A drunk guy in Alaska decides to go ice fishing. So he packs up his stuff and goes out onto the ice.
He starts sawing a hole in the ice, and a loud booming voice says, "YOU WILL FIND NO FISH UNDER THAT ICE!"
The drunk looks up, ignores it, and continues on. The voice repeats, "YOU WILL FIND NO FISH UNDER THE ICE."
The drunk looks up and says, "God? Is this God trying to warn me?"
The voice says "NO, I'M THE MANAGER OF THIS ICE RINK."
hooligan hijinx
 
 
A big hulking hooligan walks into a bar, slams his fist down, and yells "Give me a Budweiser, or...!"

Scared, the bartender serves the man his Budweiser. This happens everyday for a week straight, and the bartender turns into a nervous wreck. He asks his wife for advice, and she tells him he should stand up for himself. Easier said than done, he thinks, but he decides to try it. The next day, the hooligan returns.

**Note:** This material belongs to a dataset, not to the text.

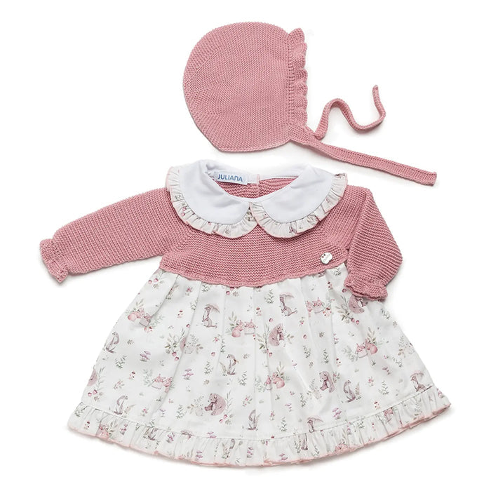 Abito Juliana unica variante di colore Maquillaje. Colletto e fondo dell’abitino a fantasia. Chiusura sul retro con bottoni.

"Give me a Budweiser, or...!"

"O-o-o-o-r-r-r... w-w-what?" stammers the bartender.

"A small Coke."
just a juggalo
 
 
A man is driving home, when is pulled over by a patrolman for a broken blinker. The cop looks into the guys' car and sees a collection of knives in the backseat.

"Sir," the cop says. "Why do you have all those knives?"

"They're for my juggling act," the man says.

"I don't believe you," says the cop. "Prove it." So the man gets out of his car and begins juggling the knives. At the same time, a car with two guys in it drives by.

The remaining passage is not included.